### BRIEF
If a line below contains the string "with", return that line.

### INFORMATION SHOWN
——————

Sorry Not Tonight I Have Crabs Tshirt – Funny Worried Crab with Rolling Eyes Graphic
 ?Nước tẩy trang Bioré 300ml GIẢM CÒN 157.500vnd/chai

——————

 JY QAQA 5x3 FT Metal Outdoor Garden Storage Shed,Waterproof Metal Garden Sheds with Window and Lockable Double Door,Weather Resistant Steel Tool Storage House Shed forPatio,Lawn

——————

### FINISHED EXERCISE
Sorry Not Tonight I Have Crabs Tshirt – Funny Worried Crab with Rolling Eyes Graphic
 JY QAQA 5x3 FT Metal Outdoor Garden Storage Shed,Waterproof Metal Garden Sheds with Window and Lockable Double Door,Weather Resistant Steel Tool Storage House Shed forPatio,Lawn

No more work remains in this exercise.